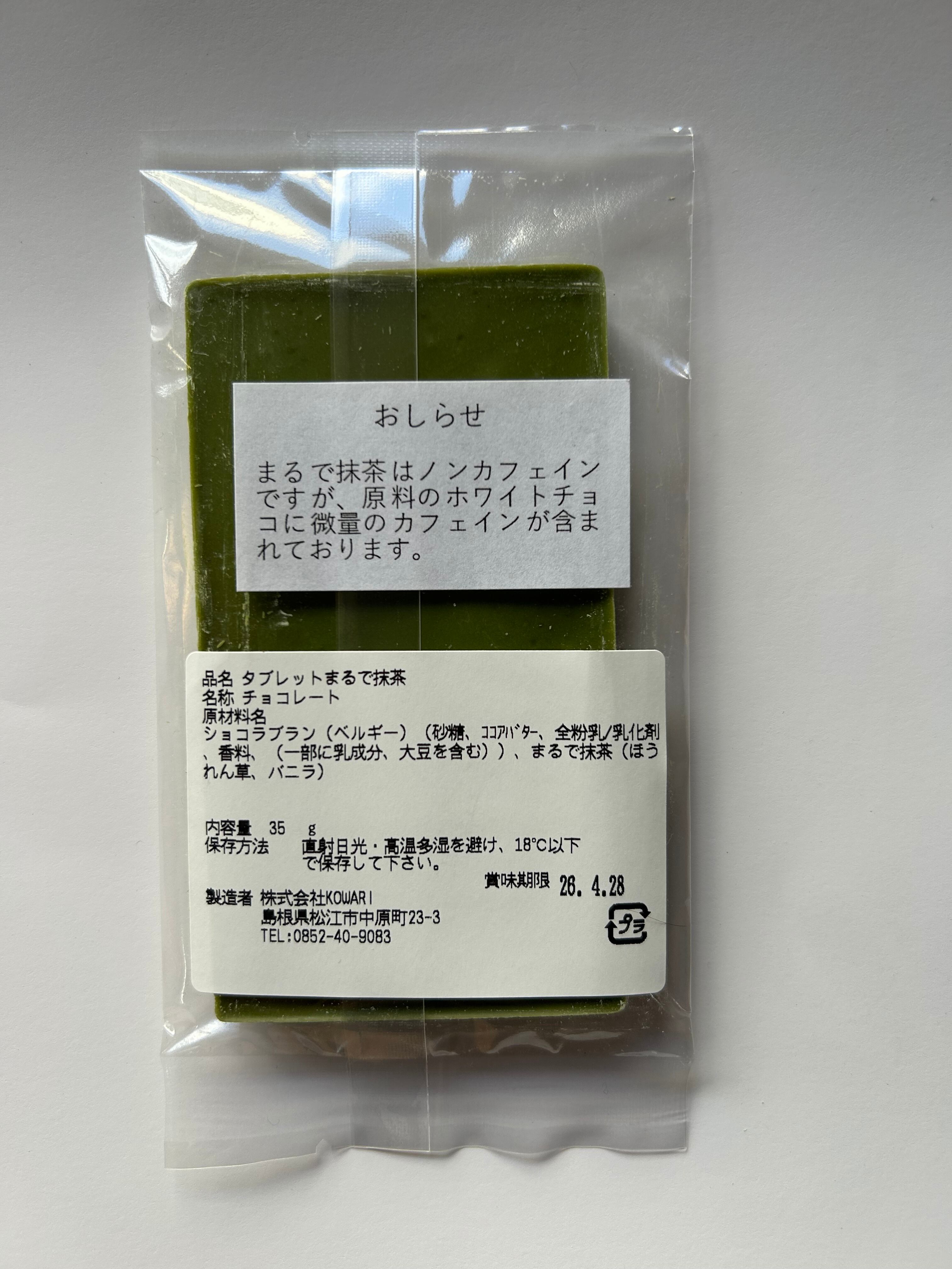 ※まるで抹茶はノンカフェインですが、ホワイトチョコレートに微量のカフェインが含まれますので、カフェインアレルギーの方はお気をつけください。
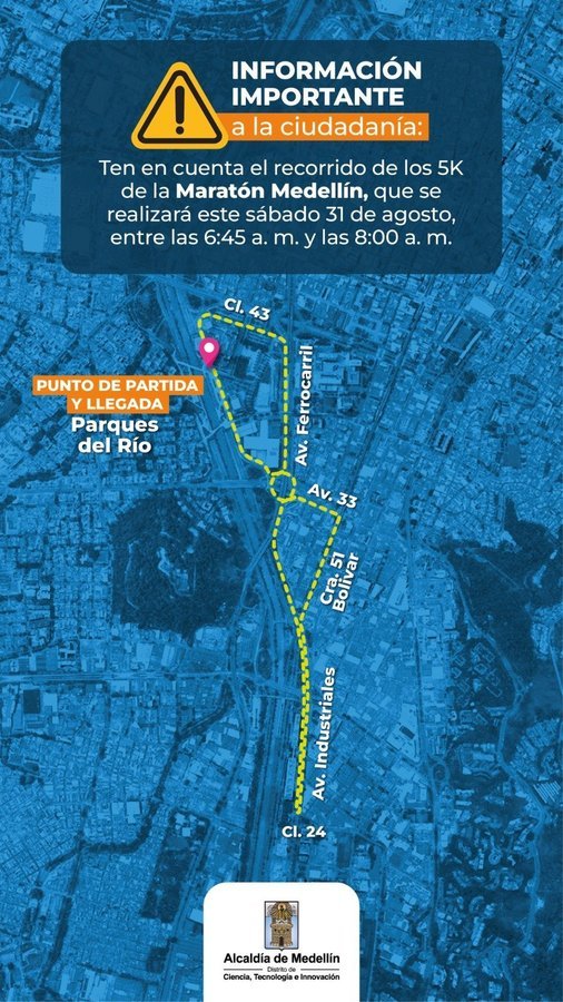 El primer cierre será este sábado para la distancia de 5K, desde las 6:00 a. m. y hasta las 8:00 a. m., en la que se calcula será la llegada a la meta. El recorrido inicia saliendo de Parques del Río hacia el norte por la calle 43, para dirigirse hacia el Oriente para alcanzar la carrera 45 y luego al Sur hasta la avenida 33, toma la carrera 51 para empalmar con la carrera 48, continúa al Sur por la calle 24 para tomar el retorno sobre la misma carrera48, luego la carrera 57 y tomar la salida a la glorieta de la avenida 33 hacia la carrera 62 y finalizar en Parques del Río.
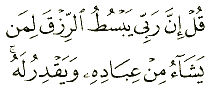 "Say: Verily, my Lord grants provision abundantly to whomsoever He pleases and straitens it for whomsoever He pleases."
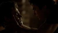 Damon tries to wake Stefan up but he doesn't. Damon demands to Qetsiyah to reverse what she did but she reveals that he will wake up. She then reveals to Damon how if he lets Stefan go and take him with him, then he and Elena will be doomed, she reveals that over 2000 years, versions of Stefan and Elena have found each other and fallen in love. She then offers Damon that if he leaves Stefan with her, she will look after him and then Damon can be happy with Elena. He contemplates this until he attacks Qetsiyah. Qetsiyah though knocks him out. Qetsiyah leaves and Elena arrives and goes straight to Stefan not even noticing Damon.
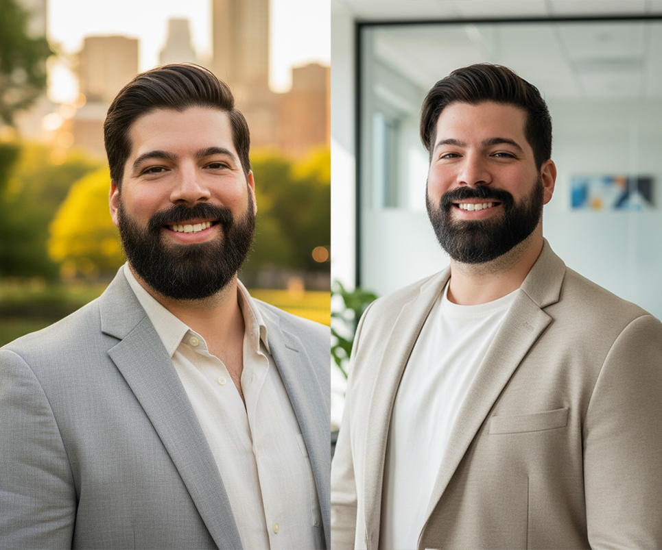 Retrato profesional de [hombre / mujer] con traje o blazer casual elegante, fondo de oficina moderna o coworking, iluminación suave con tono cálido, cámara [Sony Alpha 7R IV], estilo [emprendedor / corporativo moderno], pose segura y natural — realismo 8K.
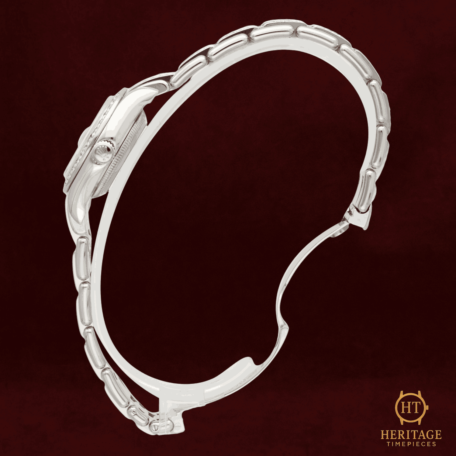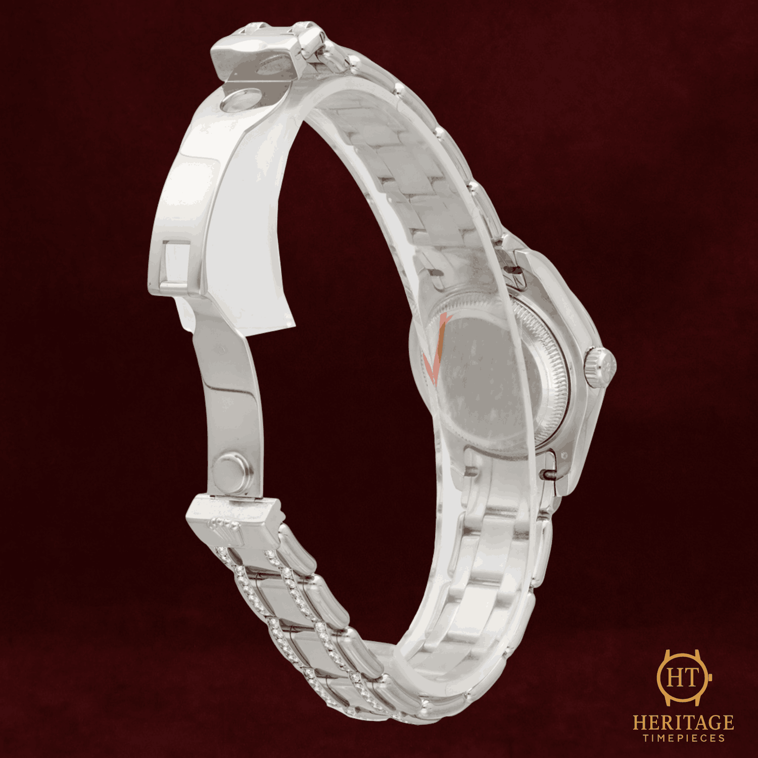 Heritage Narrative The Rolex Pearlmaster reference 80299 represents Rolex’s most elevated jewelry-oriented interpretation of the Datejust platform. Produced exclusively in precious metals and characterized by high-grade gem-setting, the Pearlmaster line combines traditional Rolex reliability with a distinctly luxurious aesthetic, positioned above standard Datejust configurations. This example from 2000 is presented in a factory diamond-set configuration, featuring diamonds across the dial, bezel, and bracelet. The grey dial is fitted with applied Arabic numeral hour markers and diamond detailing, creating a balanced mix of classic numerals and jewel-forward execution. The diamond-set bezel frames the dial with strong visual presence while maintaining Rolex’s precise finishing standards. Powering the watch is a Rolex self-winding Perpetual mechanical movement with date functionality, offering practical everyday usability within a high-jewelry format. The date display at 3 o’clock preserves the Datejust identity while complementing the overall symmetrical dial design. The 29 mm 18kt white gold case is paired with a matching Pearlmaster bracelet, also diamond-set, and secured with a concealed deployant clasp for a seamless and refined wrist profile. With its precious metal construction and factory gem-setting throughout, the 80299 is best suited for collectors seeking a rare Rolex reference where craftsmanship and jewelry execution are central to the watch’s identity. Presented pre-owned in excellent condition and accompanied by its original Rolex box, this Pearlmaster 80299 offers a highly exclusive vintage Rolex configuration with unmistakable presence. Technical Specifications Brand:Rolex Model:Pearlmaster 29 (Datejust Pearlmaster) Reference:80299 Year:2000 Movement:Rolex self-winding Perpetual mechanical movement Complications:Date Case:29 mm 18kt white gold Oyster case Bezel:Factory diamond-set 18kt white gold bezel Crystal:Scratch-resistant sapphire crystal Dial / Hands:Grey dialApplied Arabic numeral hour markersFactory diamond-set dial detailsHands Bracelet:18kt white gold Pearlmaster braceletFactory diamond-set bracelet Clasp:18kt white gold concealed deployant clasp Water Resistance:100 m / 330 ft (factory specification) Condition & Inclusions Overall Condition:Pre-owned — excellent condition Service Status:Movement tested and functioning correctly Set:Includes original boxNo warranty Shipping & Logistics The watch is stored securely and shipped fully insured within 1–3 business days. Worldwide shipping is available. Any applicable import duties or taxes are the responsibility of the buyer. Shipping & Returns Complimentary insured worldwide shipping and a 14-day return window. Each timepiece is authenticated, time-tested, and professionally prepared prior to dispatch. Secure packaging, tracking, and full insurance are included with every shipment.

- - -

WHAT NEEDS TO BE DONE -
Everything in the entries above, apart from the images, should be printed exactly.

ANSWER SPACE -
 ※まるで抹茶はノンカフェインですが、ホワイトチョコレートに微量のカフェインが含まれますので、カフェインアレルギーの方はお気をつけください。
 El primer cierre será este sábado para la distancia de 5K, desde las 6:00 a. m. y hasta las 8:00 a. m., en la que se calcula será la llegada a la meta. El recorrido inicia saliendo de Parques del Río hacia el norte por la calle 43, para dirigirse hacia el Oriente para alcanzar la carrera 45 y luego al Sur hasta la avenida 33, toma la carrera 51 para empalmar con la carrera 48, continúa al Sur por la calle 24 para tomar el retorno sobre la misma carrera48, luego la carrera 57 y tomar la salida a la glorieta de la avenida 33 hacia la carrera 62 y finalizar en Parques del Río.
 "Say: Verily, my Lord grants provision abundantly to whomsoever He pleases and straitens it for whomsoever He pleases."
 Damon tries to wake Stefan up but he doesn't. Damon demands to Qetsiyah to reverse what she did but she reveals that he will wake up. She then reveals to Damon how if he lets Stefan go and take him with him, then he and Elena will be doomed, she reveals that over 2000 years, versions of Stefan and Elena have found each other and fallen in love. She then offers Damon that if he leaves Stefan with her, she will look after him and then Damon can be happy with Elena. He contemplates this until he attacks Qetsiyah. Qetsiyah though knocks him out. Qetsiyah leaves and Elena arrives and goes straight to Stefan not even noticing Damon.
 Retrato profesional de [hombre / mujer] con traje o blazer casual elegante, fondo de oficina moderna o coworking, iluminación suave con tono cálido, cámara [Sony Alpha 7R IV], estilo [emprendedor / corporativo moderno], pose segura y natural — realismo 8K.
 Heritage Narrative The Rolex Pearlmaster reference 80299 represents Rolex’s most elevated jewelry-oriented interpretation of the Datejust platform. Produced exclusively in precious metals and characterized by high-grade gem-setting, the Pearlmaster line combines traditional Rolex reliability with a distinctly luxurious aesthetic, positioned above standard Datejust configurations. This example from 2000 is presented in a factory diamond-set configuration, featuring diamonds across the dial, bezel, and bracelet. The grey dial is fitted with applied Arabic numeral hour markers and diamond detailing, creating a balanced mix of classic numerals and jewel-forward execution. The diamond-set bezel frames the dial with strong visual presence while maintaining Rolex’s precise finishing standards. Powering the watch is a Rolex self-winding Perpetual mechanical movement with date functionality, offering practical everyday usability within a high-jewelry format. The date display at 3 o’clock preserves the Datejust identity while complementing the overall symmetrical dial design. The 29 mm 18kt white gold case is paired with a matching Pearlmaster bracelet, also diamond-set, and secured with a concealed deployant clasp for a seamless and refined wrist profile. With its precious metal construction and factory gem-setting throughout, the 80299 is best suited for collectors seeking a rare Rolex reference where craftsmanship and jewelry execution are central to the watch’s identity. Presented pre-owned in excellent condition and accompanied by its original Rolex box, this Pearlmaster 80299 offers a highly exclusive vintage Rolex configuration with unmistakable presence. Technical Specifications Brand:Rolex Model:Pearlmaster 29 (Datejust Pearlmaster) Reference:80299 Year:2000 Movement:Rolex self-winding Perpetual mechanical movement Complications:Date Case:29 mm 18kt white gold Oyster case Bezel:Factory diamond-set 18kt white gold bezel Crystal:Scratch-resistant sapphire crystal Dial / Hands:Grey dialApplied Arabic numeral hour markersFactory diamond-set dial detailsHands Bracelet:18kt white gold Pearlmaster braceletFactory diamond-set bracelet Clasp:18kt white gold concealed deployant clasp Water Resistance:100 m / 330 ft (factory specification) Condition & Inclusions Overall Condition:Pre-owned — excellent condition Service Status:Movement tested and functioning correctly Set:Includes original boxNo warranty Shipping & Logistics The watch is stored securely and shipped fully insured within 1–3 business days. Worldwide shipping is available. Any applicable import duties or taxes are the responsibility of the buyer. Shipping & Returns Complimentary insured worldwide shipping and a 14-day return window. Each timepiece is authenticated, time-tested, and professionally prepared prior to dispatch. Secure packaging, tracking, and full insurance are included with every shipment.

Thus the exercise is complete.